→ GIVEN RECORDS:
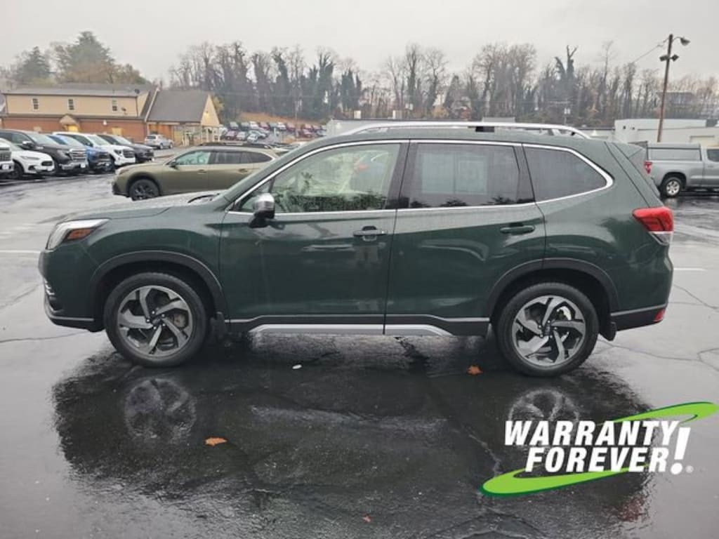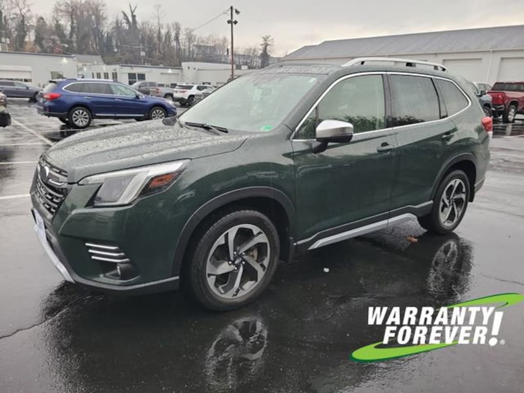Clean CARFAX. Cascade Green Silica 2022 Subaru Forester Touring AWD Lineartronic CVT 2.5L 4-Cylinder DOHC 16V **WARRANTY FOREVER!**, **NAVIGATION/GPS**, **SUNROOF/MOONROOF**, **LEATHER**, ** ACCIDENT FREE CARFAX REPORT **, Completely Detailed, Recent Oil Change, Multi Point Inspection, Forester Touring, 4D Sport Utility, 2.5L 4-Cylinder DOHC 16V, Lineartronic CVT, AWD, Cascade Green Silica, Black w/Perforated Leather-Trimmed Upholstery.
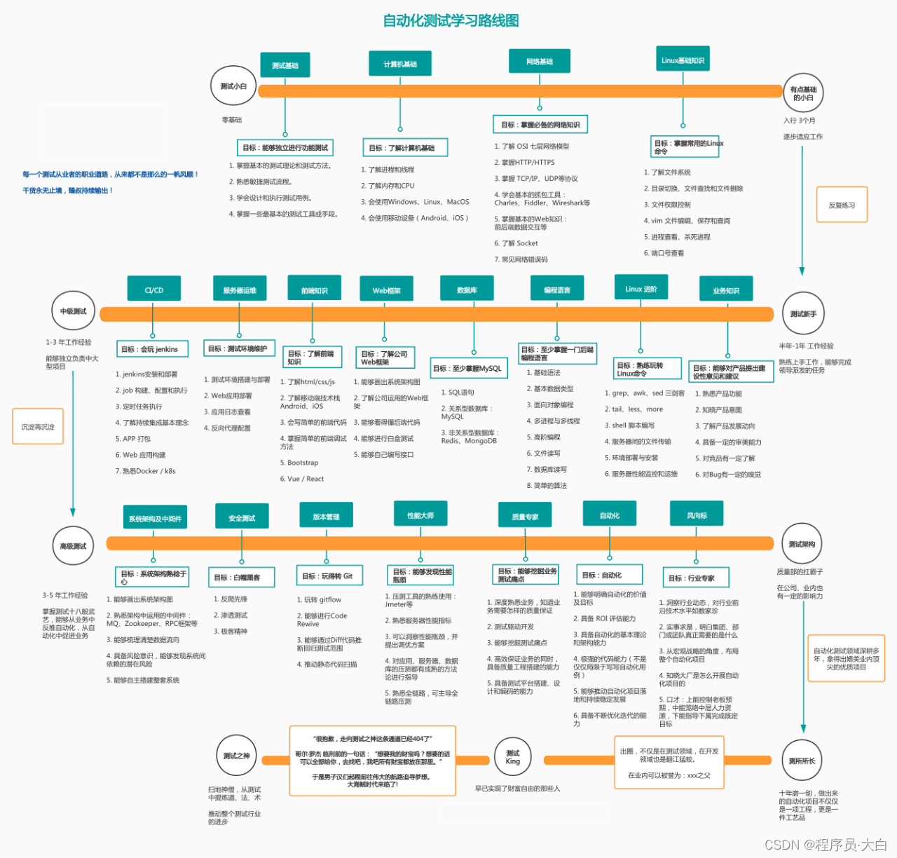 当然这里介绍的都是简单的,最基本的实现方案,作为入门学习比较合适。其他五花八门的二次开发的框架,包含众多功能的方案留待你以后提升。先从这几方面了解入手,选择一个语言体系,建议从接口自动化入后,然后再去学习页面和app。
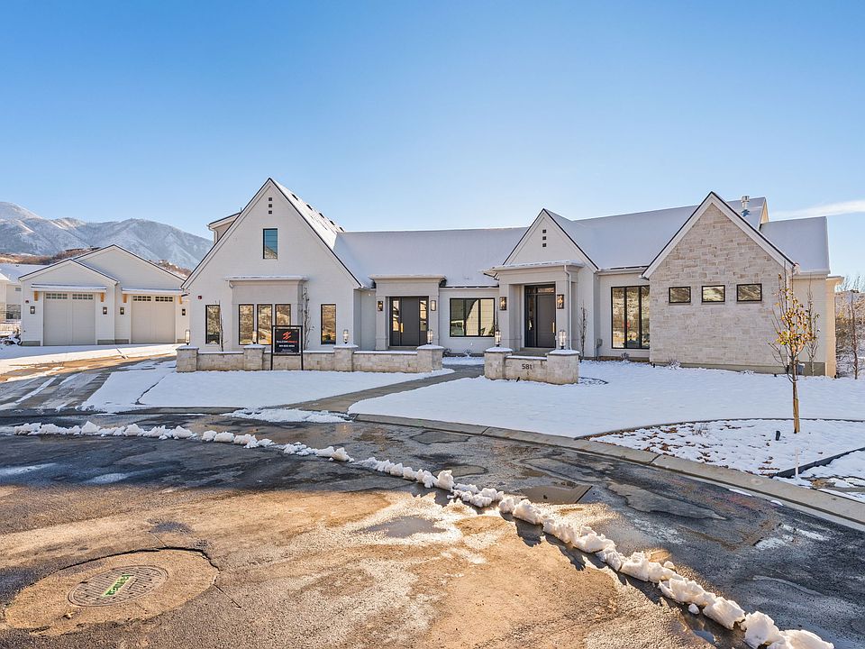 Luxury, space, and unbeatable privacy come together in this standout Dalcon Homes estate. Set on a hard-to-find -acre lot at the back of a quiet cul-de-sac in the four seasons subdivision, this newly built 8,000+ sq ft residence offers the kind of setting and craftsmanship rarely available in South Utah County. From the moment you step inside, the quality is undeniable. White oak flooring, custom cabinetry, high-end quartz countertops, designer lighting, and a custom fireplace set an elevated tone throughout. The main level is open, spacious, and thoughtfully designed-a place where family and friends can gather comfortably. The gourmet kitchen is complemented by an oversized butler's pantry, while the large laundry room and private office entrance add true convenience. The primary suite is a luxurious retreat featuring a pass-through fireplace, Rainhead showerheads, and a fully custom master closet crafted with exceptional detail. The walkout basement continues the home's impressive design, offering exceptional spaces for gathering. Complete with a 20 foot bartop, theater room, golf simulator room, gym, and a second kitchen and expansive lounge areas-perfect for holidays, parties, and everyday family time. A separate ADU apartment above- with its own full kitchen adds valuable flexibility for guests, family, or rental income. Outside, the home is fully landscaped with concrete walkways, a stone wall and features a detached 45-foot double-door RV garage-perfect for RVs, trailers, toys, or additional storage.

...

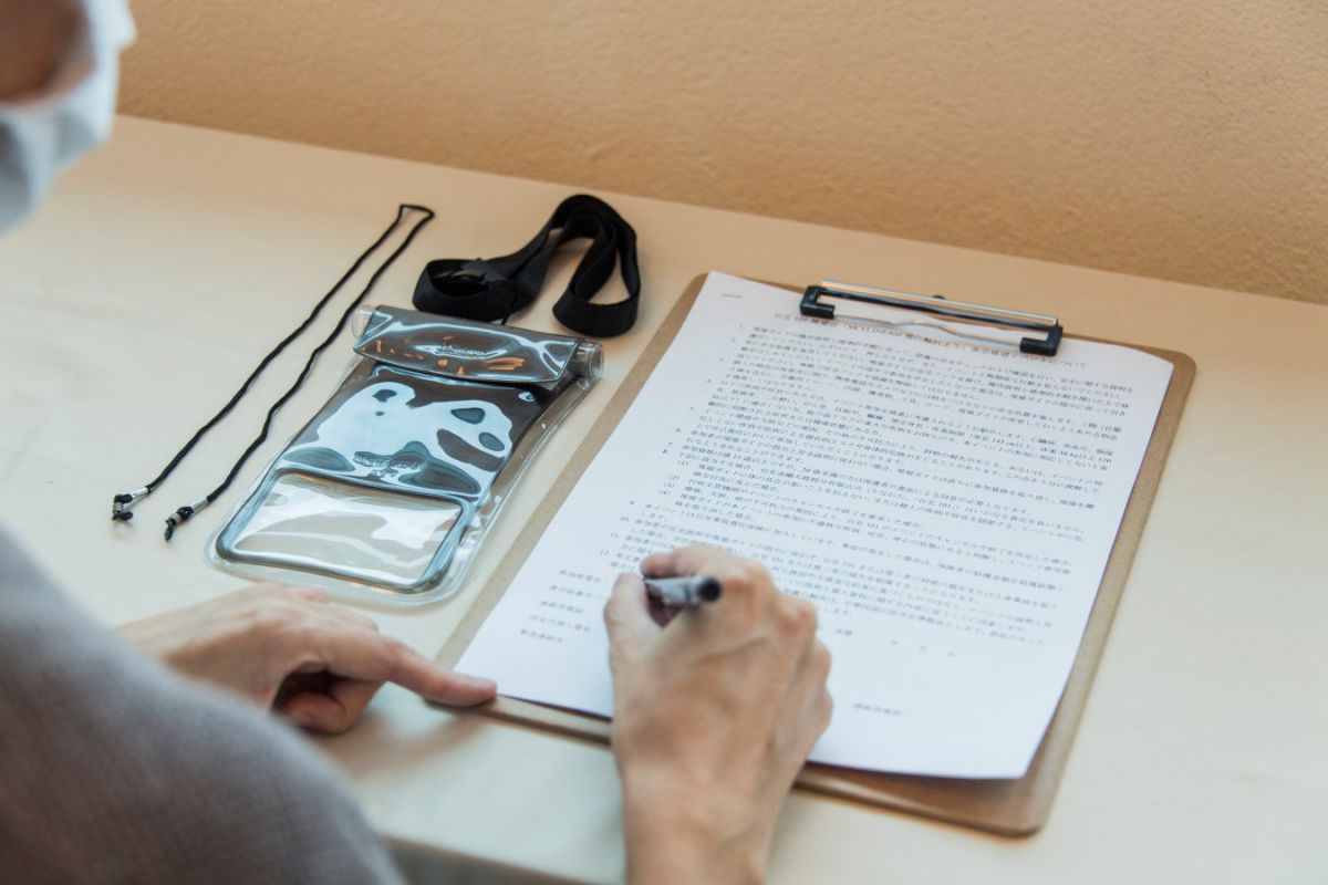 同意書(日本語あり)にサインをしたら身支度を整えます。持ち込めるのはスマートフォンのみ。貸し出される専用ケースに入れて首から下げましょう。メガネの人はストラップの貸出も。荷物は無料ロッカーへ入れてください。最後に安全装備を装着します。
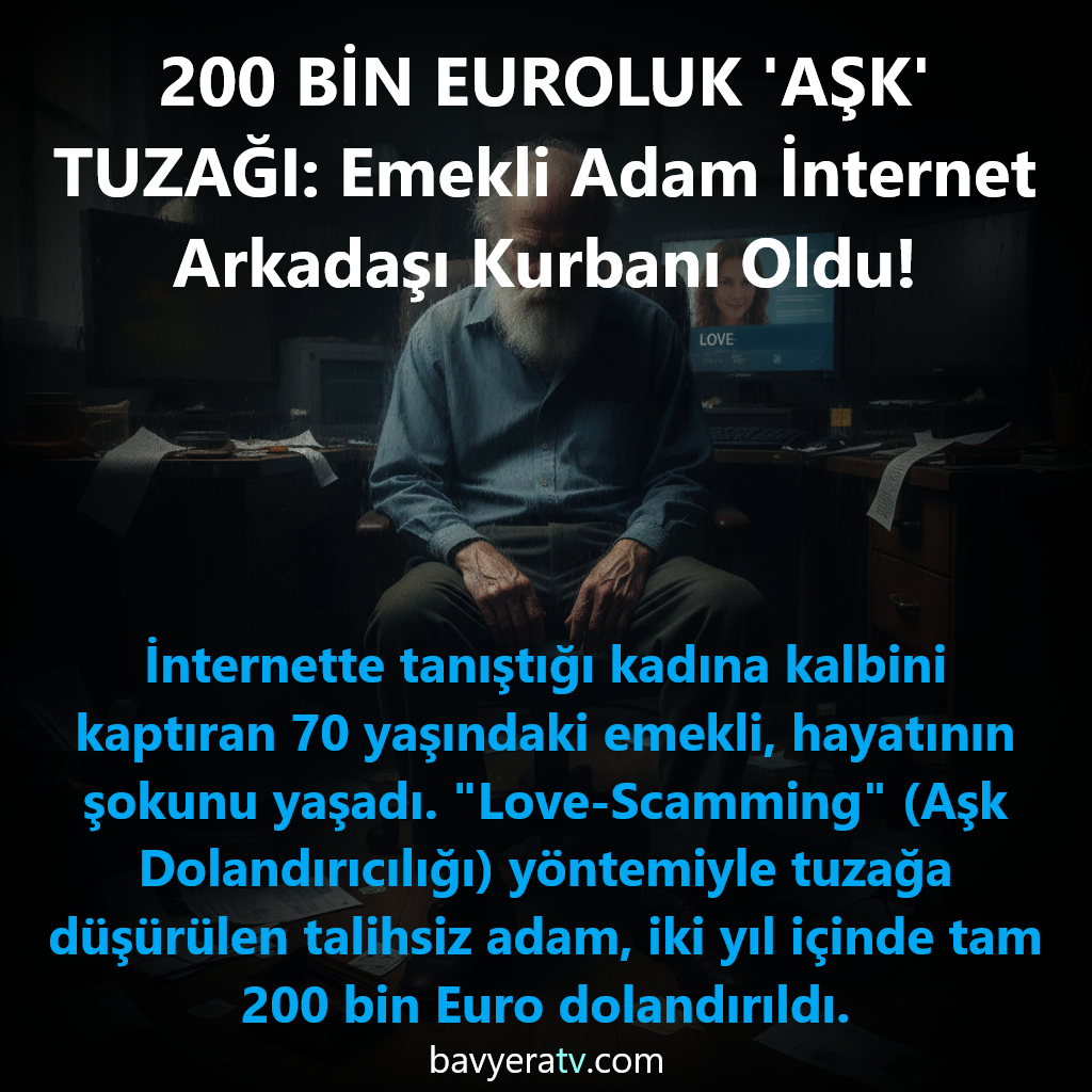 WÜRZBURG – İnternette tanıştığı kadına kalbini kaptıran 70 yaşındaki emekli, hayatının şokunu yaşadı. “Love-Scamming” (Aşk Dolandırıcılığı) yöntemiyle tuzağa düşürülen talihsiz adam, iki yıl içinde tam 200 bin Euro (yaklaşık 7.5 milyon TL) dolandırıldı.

→ EXERCISE INSTRUCTIONS: Give again the stretch of the entries above that begins at the line with "Clean CARFAX. Cascade" and ends at the line with "当然这里介绍的都是简单的,最", word for word, with no pictures.

→ ANSWER TO THE EXERCISE:
Clean CARFAX. Cascade Green Silica 2022 Subaru Forester Touring AWD Lineartronic CVT 2.5L 4-Cylinder DOHC 16V **WARRANTY FOREVER!**, **NAVIGATION/GPS**, **SUNROOF/MOONROOF**, **LEATHER**, ** ACCIDENT FREE CARFAX REPORT **, Completely Detailed, Recent Oil Change, Multi Point Inspection, Forester Touring, 4D Sport Utility, 2.5L 4-Cylinder DOHC 16V, Lineartronic CVT, AWD, Cascade Green Silica, Black w/Perforated Leather-Trimmed Upholstery.
 当然这里介绍的都是简单的,最基本的实现方案,作为入门学习比较合适。其他五花八门的二次开发的框架,包含众多功能的方案留待你以后提升。先从这几方面了解入手,选择一个语言体系,建议从接口自动化入后,然后再去学习页面和app。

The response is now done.